Basically, Virginia is getting fed up with the Fed and wants a gold-based money system. So they are looking into it. They haven't done anything yet, but they are looking into it.
I honestly don't know much about this sort of thing. Having dollars backed by something real, like gold, sure does sound like a good idea. Because as it is now, a "dollar" is just an abstraction. Today, if you have $100, the number of those dollars will remain the same but over time those dollars are likely to be worth less and less and less.
That is why an ounce of gold costs more and more dollars. It's not that the "value" of gold is increasing - I am willing to bet than an ounce of gold today buys pretty much what an ounce of gold bought years ago - but that the value of the abstraction called a "dollar" is decreasing.
So, a gold standard sounds like a good idea.
But there is one sentence in that story that put me squarely behind Virginia's plan.
“He’s descending into serious la la land,” House Democratic Caucus Chairman Mark Sickles told FoxNews.com
Sickles said this of Robert Marshall, a member of Virginia's state legislature. When a Democrat resorts to ridicule such as this as his strongest argument, you have to believe that the thing being ridiculed is a good idea. "La la land." Waste of money. Money that could be spent on education and the unemployed. And Virginia's (current) bond rating is great. BUT - what is it about the idea ITSELF that makes it a bad idea? The person who proposed it is in "la la land."
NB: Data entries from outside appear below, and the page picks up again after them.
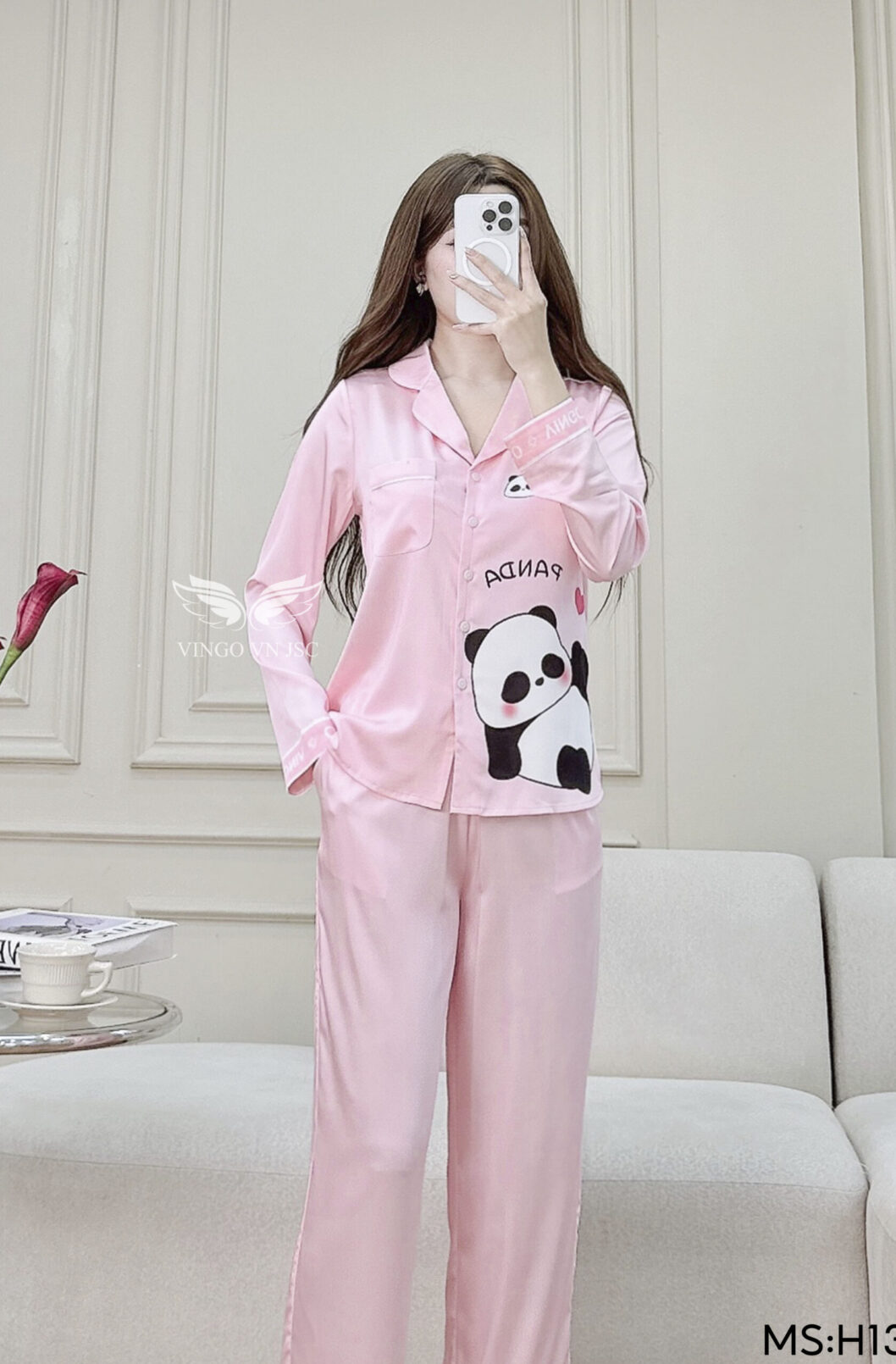 Đồ bộ mặc nhà pijama lụa cao cấp tay dài quần dài họa tiết Panda dễ thương H1300
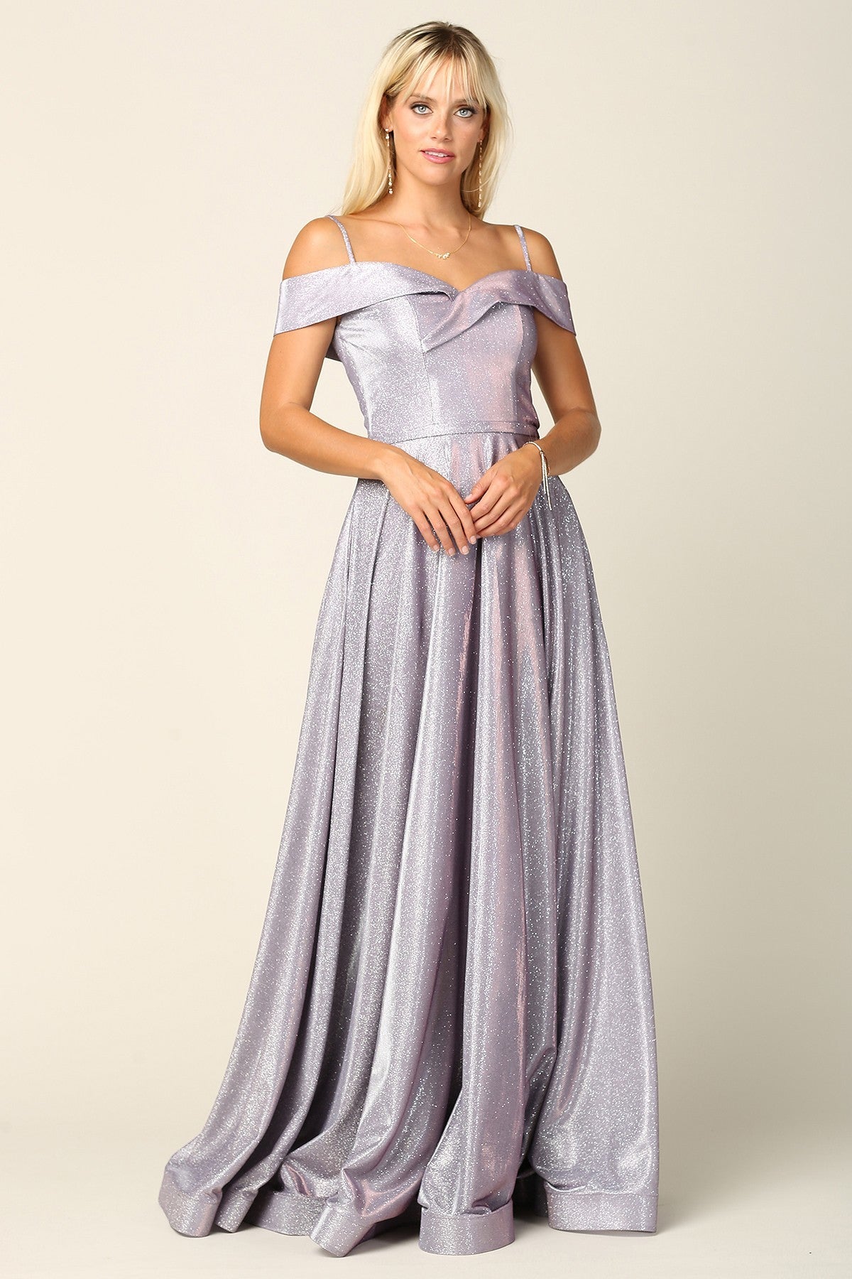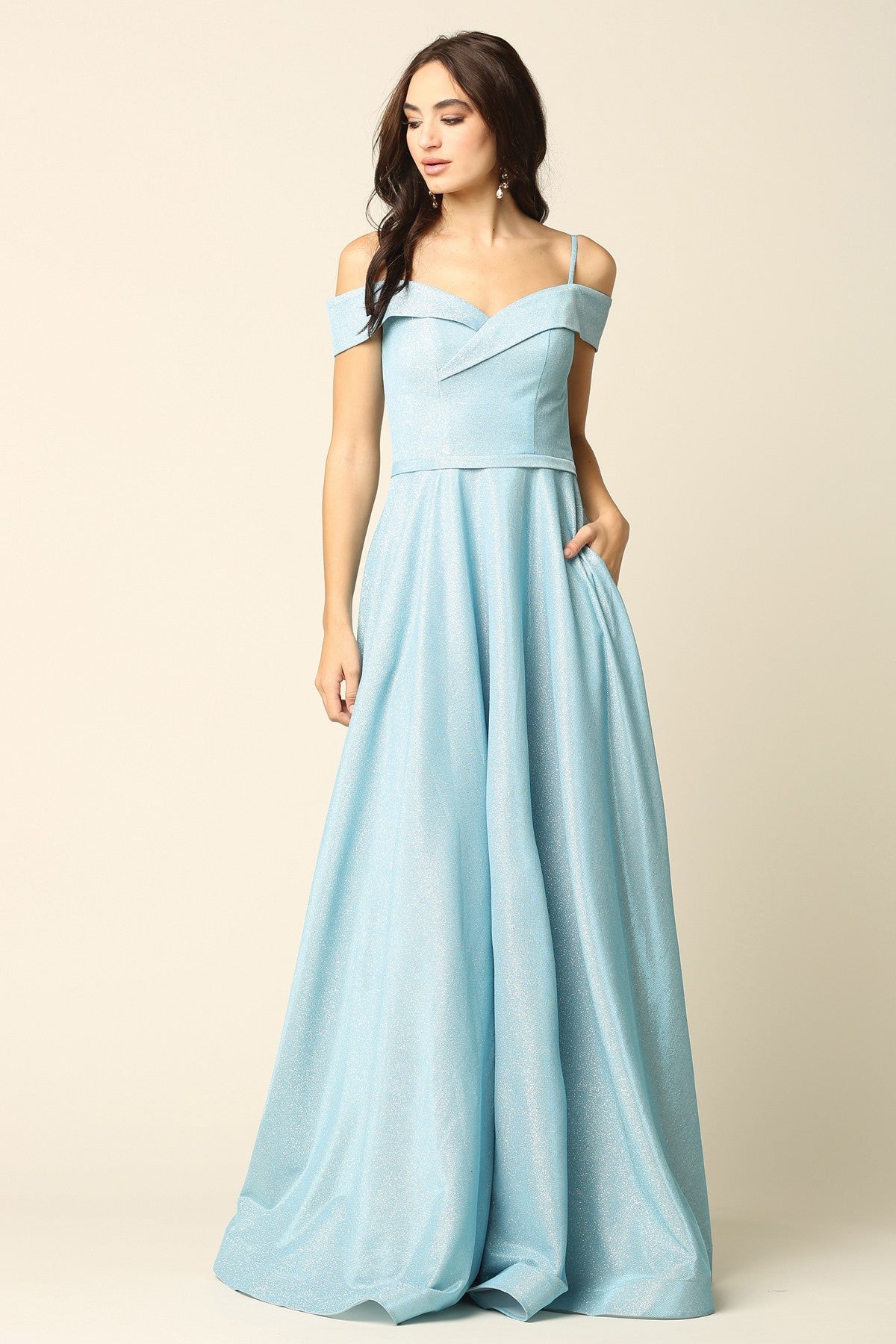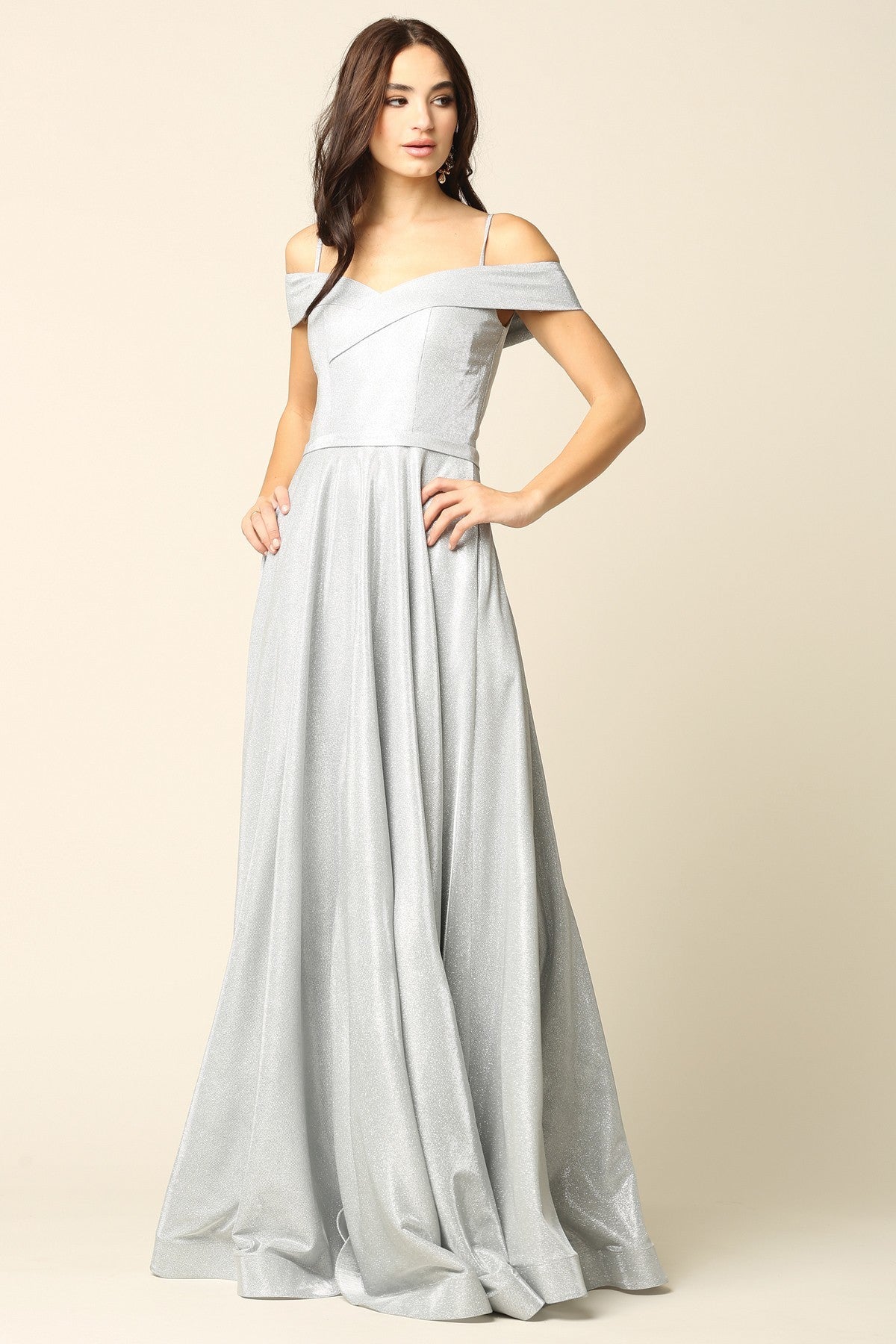 Vestido de fiesta moderno con hombros descubiertos en tejido metalizado. Totalmente forrado con copas y cremallera en la espalda. Con bolsillos.
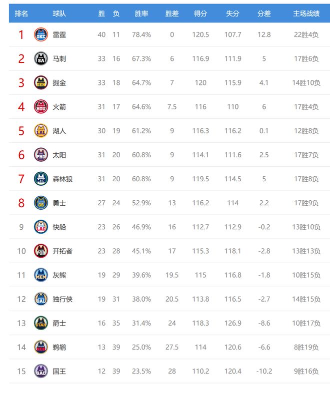 雷霆赢球后2连胜,战绩40胜11负,高居联盟第一。

Bernanke also thinks it's a bad idea. That view has a little more credibility. Then again the proposal would basically make his very lucrative and powerful job obsolete.
So, Virginia's plan is sounding better and better.
And what does this have to do with bioethics? Oh, not much. But I do notice a similar tactic in bioethical decisions as that used by Mr. Sickles.
Ridicule. A thing is unethical if some loudmouth can ridicule you for it.